Prove that the quadrilateral obtained by joining the mid-points of an isosceles trapezium is a rhombus.

P, Q, R and S are the mid-points of the sides AB, BC, CD and DA respectively.

Join AC and BD.

Since, ABCD is an isosceles trapezium

Its diagonals are equal.

AC = BD = x (let)

Now, in ∆ABC

P and Q are the mid-points of AB and BC

So, PQ || AC and PQ = $\dfrac{1}{2}$AC = $\dfrac{1}{2}$x (By midpoint theorem) … (i)

Similarly, in ∆ADC

S and R mid-point of AD and CD

So, SR || AC and SR = $\dfrac{1}{2}$AC = $\dfrac{1}{2}$x (By midpoint theorem) … (ii)

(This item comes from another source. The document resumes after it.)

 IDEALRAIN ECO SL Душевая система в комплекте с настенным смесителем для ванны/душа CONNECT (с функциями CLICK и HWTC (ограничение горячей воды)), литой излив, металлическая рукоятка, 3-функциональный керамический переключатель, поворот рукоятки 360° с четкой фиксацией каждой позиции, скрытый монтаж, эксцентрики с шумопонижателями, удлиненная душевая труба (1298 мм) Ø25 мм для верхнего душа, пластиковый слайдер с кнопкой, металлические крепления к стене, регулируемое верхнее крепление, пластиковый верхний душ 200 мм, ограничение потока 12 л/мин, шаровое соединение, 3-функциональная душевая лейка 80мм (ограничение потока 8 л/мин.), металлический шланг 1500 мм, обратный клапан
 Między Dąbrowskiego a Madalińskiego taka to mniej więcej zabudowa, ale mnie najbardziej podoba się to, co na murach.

From (i) and (ii), we have

PQ || SR and PQ = SR = $\dfrac{1}{2}x$ …….(iii)

In ∆CBD,

R and Q are the mid-points of CD and BC

So, QR || BD and QR = $\dfrac{1}{2}$BD = $\dfrac{1}{2}$x (By midpoint theorem) … (iv)

Similarly, in ∆ABD

S and P mid-point of AD and AB

So, SP || BD and SP = $\dfrac{1}{2}$BD = $\dfrac{1}{2}$x (By midpoint theorem) … (v)

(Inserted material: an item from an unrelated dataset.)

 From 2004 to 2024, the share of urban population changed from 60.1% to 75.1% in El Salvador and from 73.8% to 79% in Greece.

From (iv) and (v), we have

QR || SP and QR = SP = $\dfrac{1}{2}x$ …….(vi)

From (iii) and (vi) we get,

PQ = QR = SR = SP and QR || SP, PQ || SR.

So, sides of PQRS are equal and opposite sides are parallel.

Hence, proved that PQRS is a rhombus.